▶ _RECORD EXTRACTS_

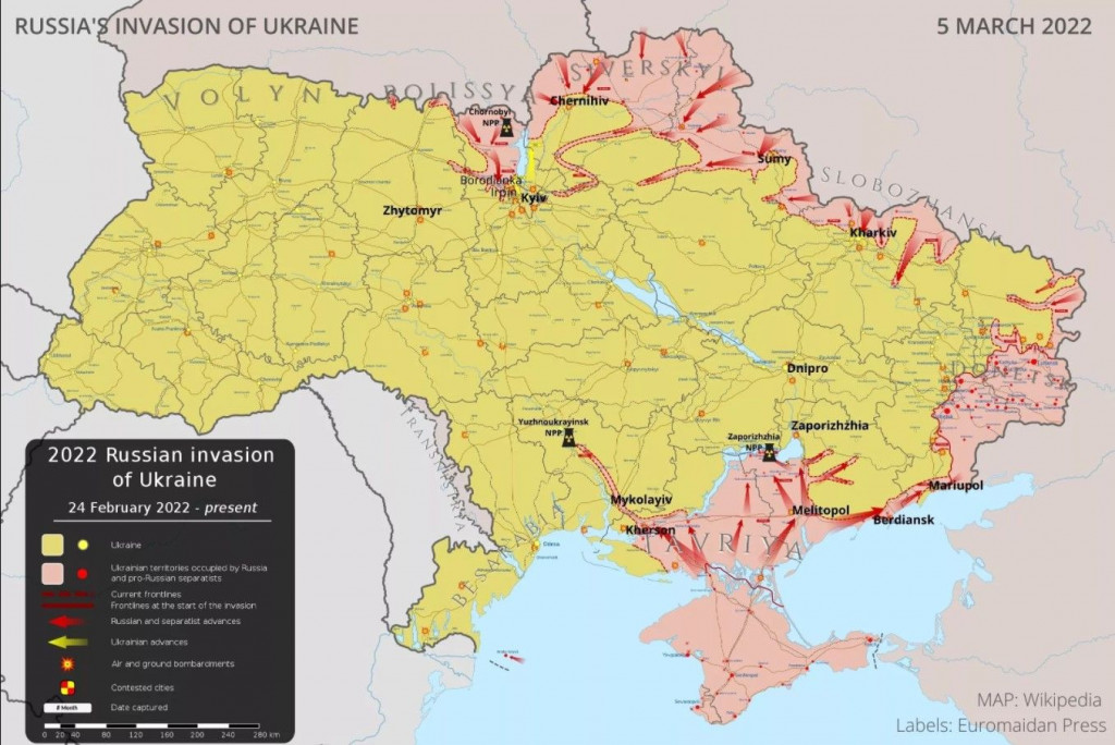 Glavni stožer ukrajinskih oružanih snaga priopćio je u ponedjeljak ujutro da se ruske snage pripremaju za napad na Kijev pokušajem preuzimanja pune kontrole nad gradovima Irpin i Buča, nedaleko od Kijeva te približavanjem glavnog gradu kroz istočna predgrađa.
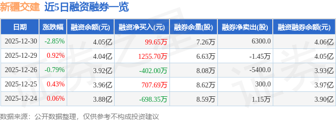 新疆交建融资融券信息显示,融资方面,当日融资买入3549.1万元,融资偿还3449.45万元,融资净买入99.65万元。融券方面,融券卖出8100.0股,融券偿还1800.0股,融券余量7.26万股,融券余额116.45万元。融资融券余额4.06亿元。
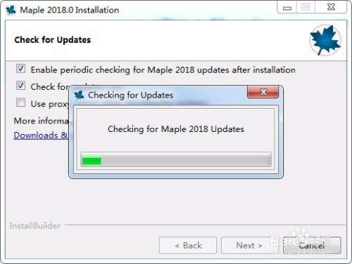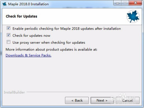 (1)Enable periodic checking for maple 2016 updates after installation:启用按期查抄安装后的maple2016更新(2)check for updates now:此刻查抄更新(3)use proxy server when checking for updates:在查抄更新时利用代办署理办事器默认勾选第1和第2,同样也建议直接默认并点击“Next”,如下图所示:
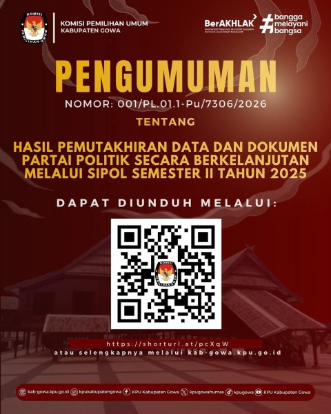 Gowa, kab-gowa.kpu.go.id - KPU Kabupaten Gowa mengumumkan hasil pemutakhiran data partai politik secara berkelanjutan melalui SIPOL Semester II Tahun 2025.
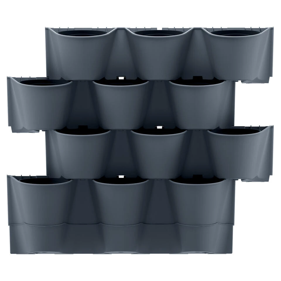 Uw eigen verticale tuin met dit modulaire hangende kunststof plantenpotten systeem. Het modulaire systeem staat toe de potten middels verschillende configuraties te monteren. Dankzij het doorstroomde irrigatiesysteem worden de planten gelijkmatig van water voorzien. In set zitten 12 plantenpotten.

▶ _TASK PROMPT_
Leave the pictures behind and transcribe every record above exactly.

▶ _EXPECTED OUTPUT_
 Glavni stožer ukrajinskih oružanih snaga priopćio je u ponedjeljak ujutro da se ruske snage pripremaju za napad na Kijev pokušajem preuzimanja pune kontrole nad gradovima Irpin i Buča, nedaleko od Kijeva te približavanjem glavnog gradu kroz istočna predgrađa.
 新疆交建融资融券信息显示,融资方面,当日融资买入3549.1万元,融资偿还3449.45万元,融资净买入99.65万元。融券方面,融券卖出8100.0股,融券偿还1800.0股,融券余量7.26万股,融券余额116.45万元。融资融券余额4.06亿元。
 (1)Enable periodic checking for maple 2016 updates after installation:启用按期查抄安装后的maple2016更新(2)check for updates now:此刻查抄更新(3)use proxy server when checking for updates:在查抄更新时利用代办署理办事器默认勾选第1和第2,同样也建议直接默认并点击“Next”,如下图所示:
 Gowa, kab-gowa.kpu.go.id - KPU Kabupaten Gowa mengumumkan hasil pemutakhiran data partai politik secara berkelanjutan melalui SIPOL Semester II Tahun 2025.
 Uw eigen verticale tuin met dit modulaire hangende kunststof plantenpotten systeem. Het modulaire systeem staat toe de potten middels verschillende configuraties te monteren. Dankzij het doorstroomde irrigatiesysteem worden de planten gelijkmatig van water voorzien. In set zitten 12 plantenpotten.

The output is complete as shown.